Пока он рассказывал, в его глазах появился дерзкий блеск, голос стал молодым.
– Сколько же раз ты избежал смерти…
– Были трудные времена, – задумчиво сказал он.
Я взглянула на него. Снизу вверх. С уважением.
Вот так всегда: как могла повернуться жизнь, в какой момент. Пойдешь на распутье налево, ведьма схватит; пойдешь направо, окажешься у моря, а там тебя ждет корабль.
Я не ропщу. От этого меня безмолвно отучил отец, который сам никогда и ни на что не роптал. Я только задаю вопросы, быстрее, чем могу ответить. Полжизни за «железным занавесом», что было бы со мной тогда? Натянуть капюшон и все. В лондонском типовом доме без самовара, с машинкой «ремингтон», еще один вариант. Так не должно было случиться.
А как тогда должно было?
Дорога вышла из леса, стала тропой, размашистым серпантином пошла вниз. Крутые зеленые склоны с сарайчиками, перед которыми паслись козы. Глубоко внизу поблескивали гнейсовые крыши Кастасеньи. Что-то позвякивало, вдали шумел ручей. Там проходила граница.

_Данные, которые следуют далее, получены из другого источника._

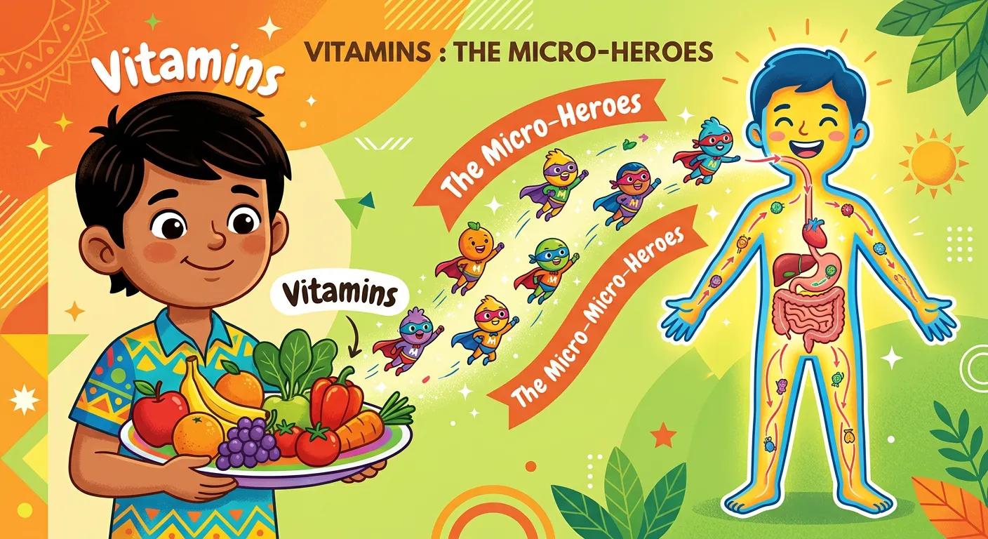 Hello future doctors! Think of your body as a busy city. To keep everything running smoothly, it needs tiny but powerful 'Micro-Heroes' called Vitamins. They aren't fuel, but they are absolutely vital for almost every single metabolic reaction.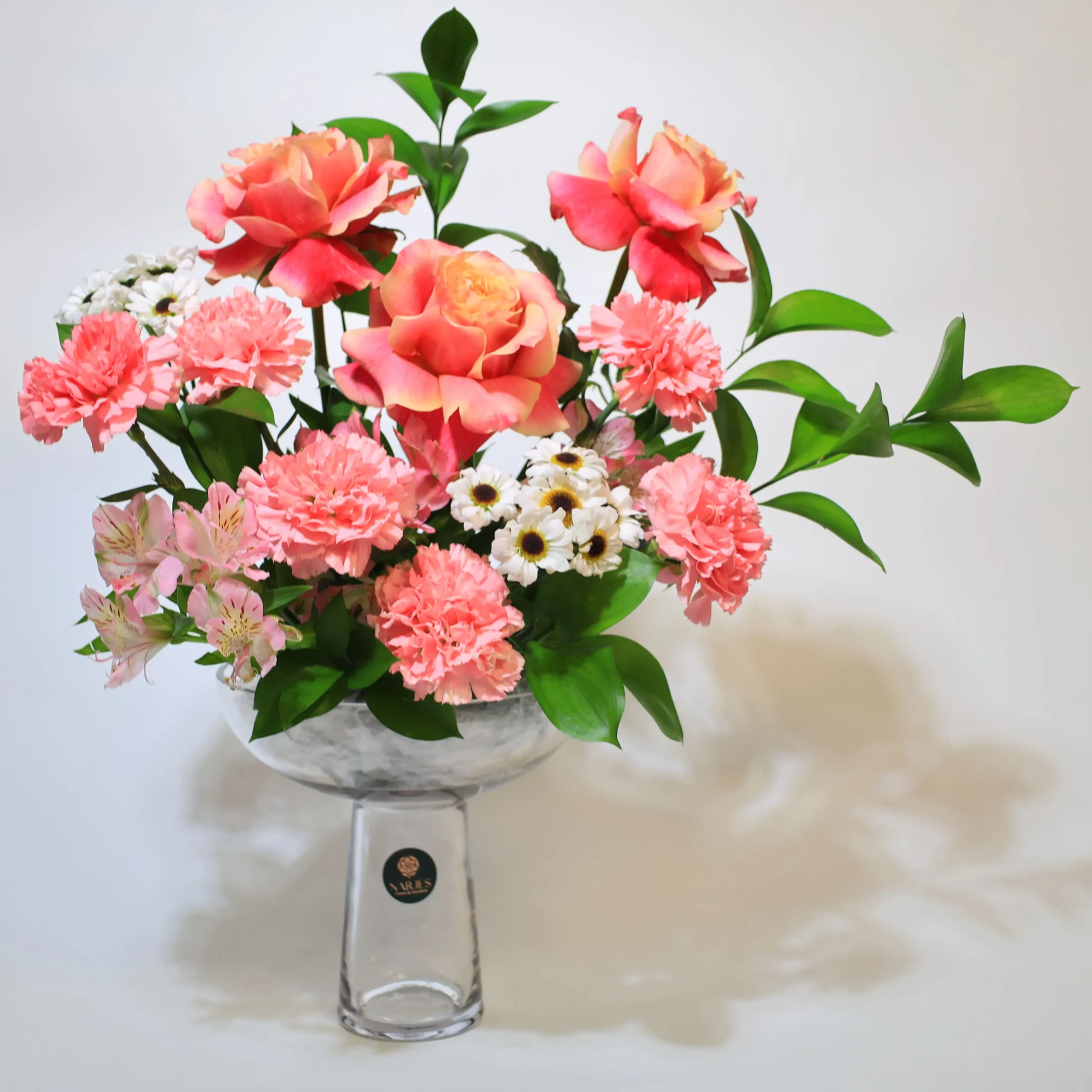 + Free ShippingThis arrangement has pink roses, carnations, alstroemeria, white spray chrysanthemum, with a touch of ruscus leave arranged nicely in the round glass vase.

Теперь мы шли друг за другом. Папа надел кепку, время от времени указывал рукой на какое-нибудь животное или растение, останавливался от удивления. Удивляться он не разучился. Даже тому, что он в свои восемьдесят лет бродит по этим горам.
Четверо его соучеников были убиты в Маутхаузене. Двое сидели в Голи-Отоке. О многих он не знал, куда их разбросало. Миши покончил с собой. А тех, кто выжил, в Будапеште или Любляне, давил тяжелый груз воспоминаний.
И отца тоже. В повторяющихся снах его настигали страхи. Мама говорила: среди ночи он садится в постели, тяжело дыша, в холодном поту. Успокаивается, когда я беру его за руку.
Коровы паслись на широком лугу над Майрой, которая, пенясь, текла в сторону Италии. Назад мы шли молча, нагруженные своими мыслями.
Через три с половиной года он умер. От болезни, которая встречается очень редко и чуть ли не только в Японии, болезни Розаи-Дорфмана.
Всплывают картинки и сцены: как он на два часа каждый день исчезал за газетой, недоступный для разговора, отстраненный и вместе с тем по-своему повернутый к миру. Как он жаловался на боль в сердце, и как, по моему детскому разумению, сердце находилось глубоко внизу, где-то в половых органах. Как он носил ребенка: из дома в машину, из машины в дом. Как он немилосердно меня поправлял, когда я играла на рояле, из другой комнаты крича: «Врешь!», и эти возгласы проникали в меня до самых кончиков пальцев. Как профессионально он дегустировал бордо. И по телефону сразу переходил к делу, никакой болтовни. Ты любишь меня лучше всех, сказал он однажды. Лучше всех, не больше всех. Я запомнила.
Могу ли я назвать его прагматиком? Он верил в то, что решения есть и искал их. От расплывчатой сферы чувств, ускользавшей от рационального осмысления, он держался на почтительном расстоянии. Мы говорили о том и об этом, часто о политике, но почти никогда о чувствах. В этой сфере он был пуглив, слегка беспомощен и неуклюж. Он отказывал себе в этом. Но сказать, что он не чувствовал, что происходит с другими, нельзя. Может быть, он боялся остроты своего восприятия, и своей ранимости.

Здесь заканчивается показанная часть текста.